A Really Good Day

Home > Literature > A Really Good Day > Page 17
A Really Good Day Page 17

by Ayelet Waldman


  What we did was talk. For six hours, we talked about our feelings for each other, why we love each other, how we love each other. We talked about what we felt when we first met, how our emotional connection grew and deepened, how we might deepen it still. The best way I can describe it is that we were transported emotionally back to our relationship’s early and most exciting days, to the period of our most intense infatuation, but with all the compassion and depth of familiarity of a decade of companionship. We saw each other clearly, loved each other profoundly, and basked in this reciprocated love.*4

  The feeling lasted not for hours or for days, but for months. Actually, the truth is, it lasted forever. We’ve done the drug since, every couple of years, when we feel we need to recharge the batteries of our relationship. Though the experience has never again been quite so intense, it has been a reliable method of connection, of clearing away the detritus of the everyday to get to the heart of the matter. And the heart is love. We love each other so much, even when he is chewing almonds and I have to leave the house.

  The empathogenic effects of MDMA have caused a revival of interest in the use of the drug in recent years to combat treatment-resistant post-traumatic stress disorder. In particular, it has been a priority of MAPS, which is funding a variety of research studies to determine, it writes, “whether MDMA-assisted psychotherapy can help heal the psychological and emotional damage caused by sexual assault, war, violent crime, and other traumas.”

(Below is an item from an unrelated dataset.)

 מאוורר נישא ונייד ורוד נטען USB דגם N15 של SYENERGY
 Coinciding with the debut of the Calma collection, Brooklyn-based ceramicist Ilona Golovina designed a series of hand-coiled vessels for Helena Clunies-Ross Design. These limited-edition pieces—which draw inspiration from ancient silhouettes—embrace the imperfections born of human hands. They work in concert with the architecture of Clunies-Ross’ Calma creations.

  I spoke with Michael Mithoefer, M.D., who, along with his wife and cotherapist, Annie Mithoefer, is carrying out clinical trials to test the safety and efficacy of MDMA-assisted psychotherapy in veterans and first responders with chronic post-traumatic stress disorder that has not resolved with the use of other treatment methods. The protocol of their University of South Carolina studies is similar to those used in the recent wave of psilocybin research. In his earliest studies, Mithoefer and his colleagues first provided each subject with two introductory psychotherapy sessions with trained psychotherapists. Then the subjects underwent two MDMA or placebo-assisted sessions spaced three to five weeks apart, during which they talked through the incidents that had led to their trauma. After only two sessions, PTSD was resolved in 83 percent of the subjects who received MDMA. The results for talk therapy alone? A mere 25 percent. Even more remarkably, the reductions in PTSD symptoms were sustained for the long term, without further treatment. These results are so dramatic that not only has the Department of Defense given its blessing to further research, but there are two Veterans Administration studies now in process.

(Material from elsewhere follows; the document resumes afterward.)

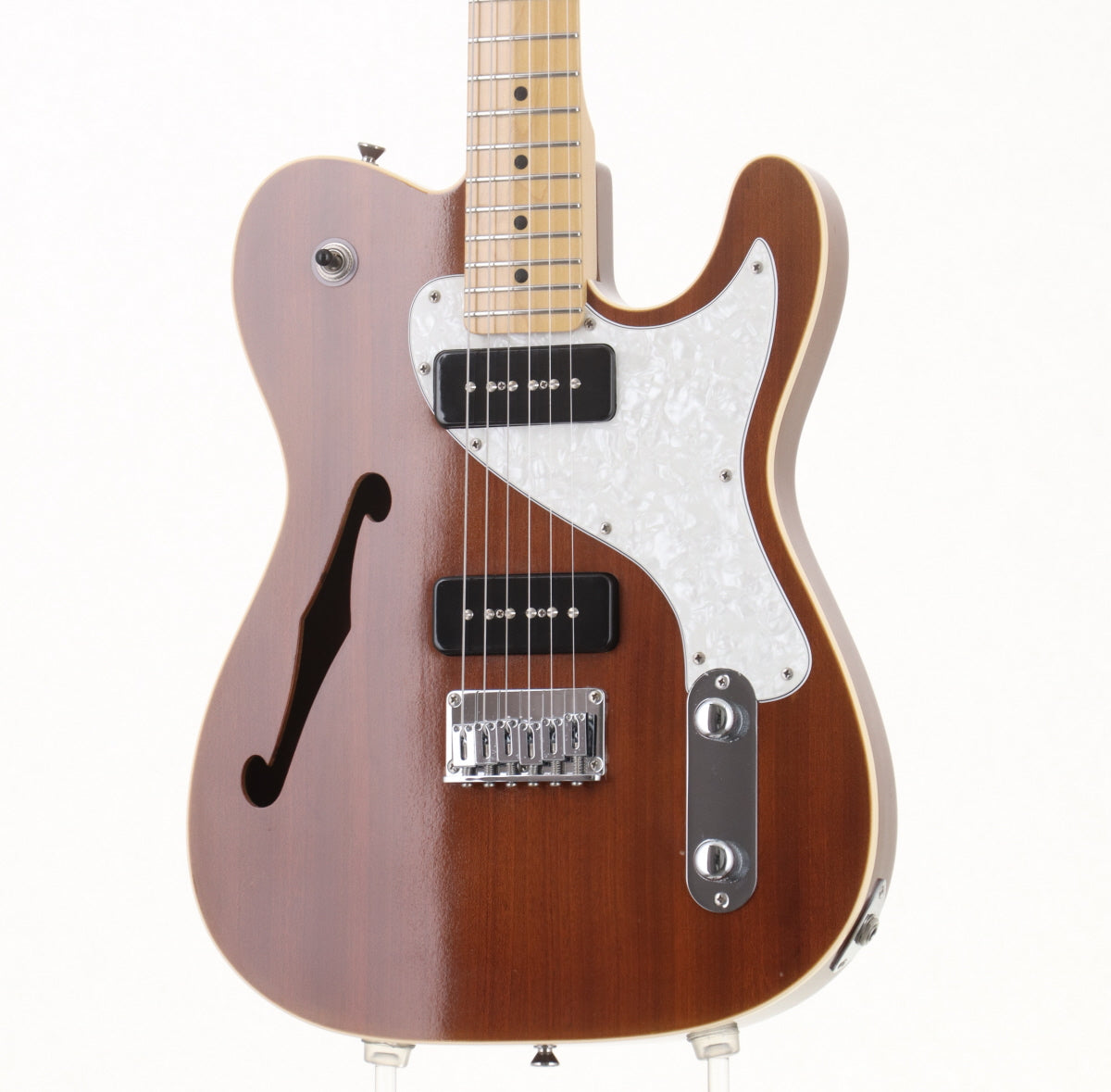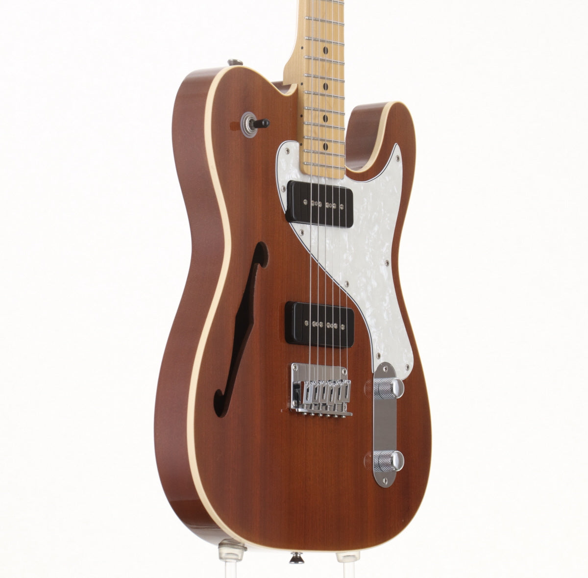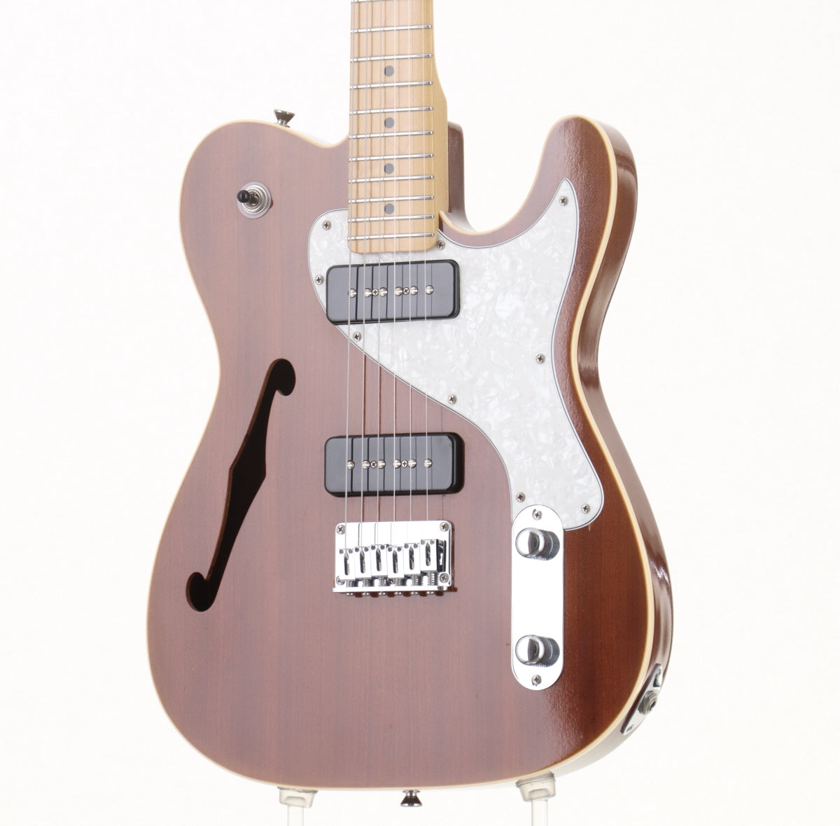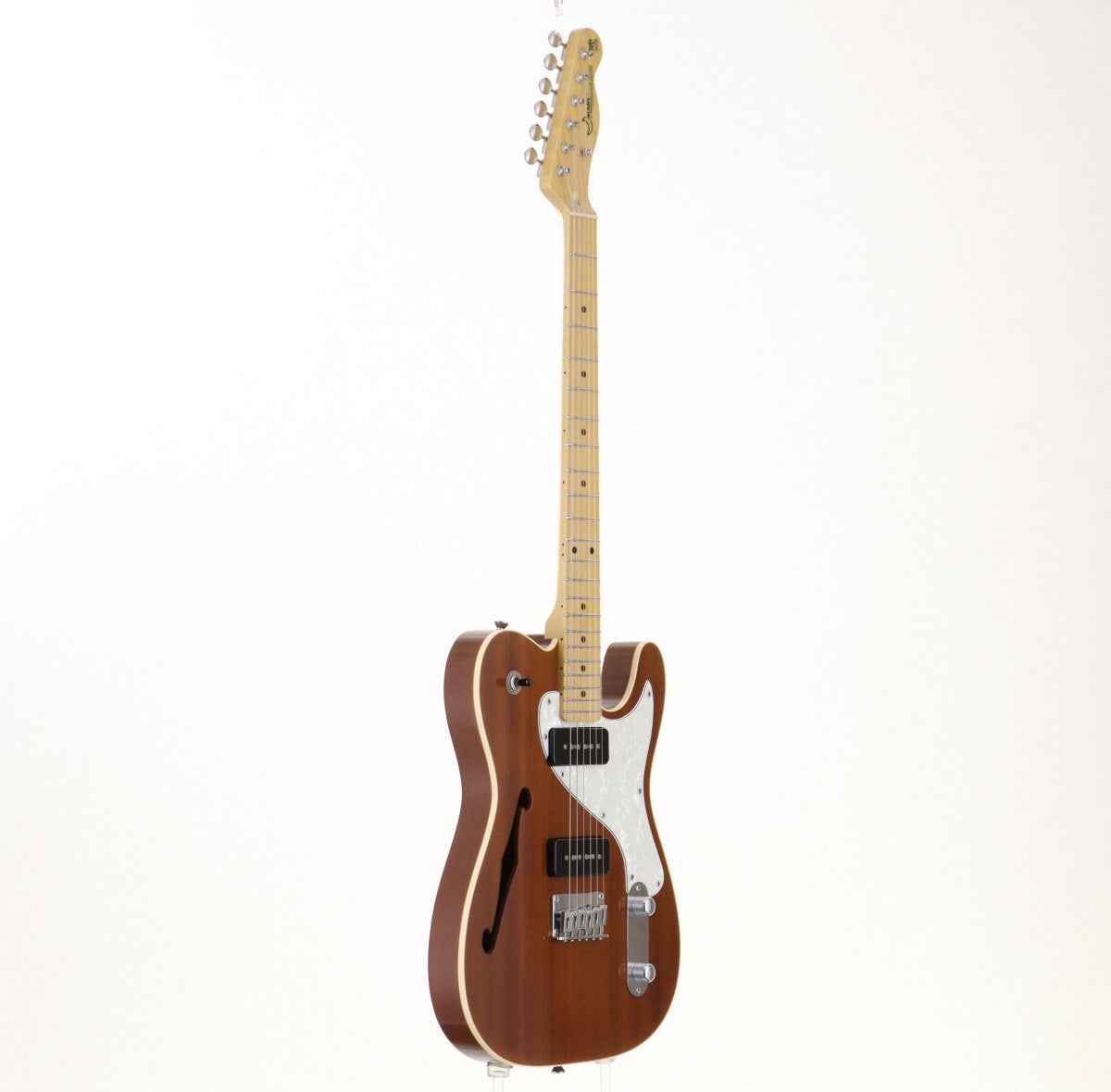 ボディはマホガニー、ネックと指板はメイプル、ソープバータイプのピックアップを2基搭載。

  Mithoefer described to me the effect of the study on one participant, a firefighter and 9/11 first responder who was plagued by PTSD symptoms. Once, in a fit of uncontrollable anger during a session of PTSD therapy using another method, he tore the sink from the wall of the examining room. When asked what the results of the MDMA sessions were on this man, Mithoefer smiled and said, “Well, our sink is still on the wall.” The reduction of the patient’s PTSD symptoms was profound: he continues to report to Mithoefer that they have not returned. A recent meta-analysis by Timothy Amoroso, in the Department of Psychology at the University of New Hampshire, comparing MDMA therapy to prolonged exposure therapy in the treatment of PTSD, confirms Mithoefer’s results.*5

  Word has spread amidst the network of soldiers returned from war about the efficacy of MDMA therapy. Of the more than one thousand veterans who have reached out to Mithoefer for help, his pilot study was permitted to enroll only twenty. The poignancy and tragedy of these figures cannot be overstated. The need is overwhelming, and people are desperate for help. Veterans have a suicide rate 50 percent higher than that of the general population. Rates for female vets are even worse. There is reason to believe that MDMA-assisted psychotherapy could save thousands of lives.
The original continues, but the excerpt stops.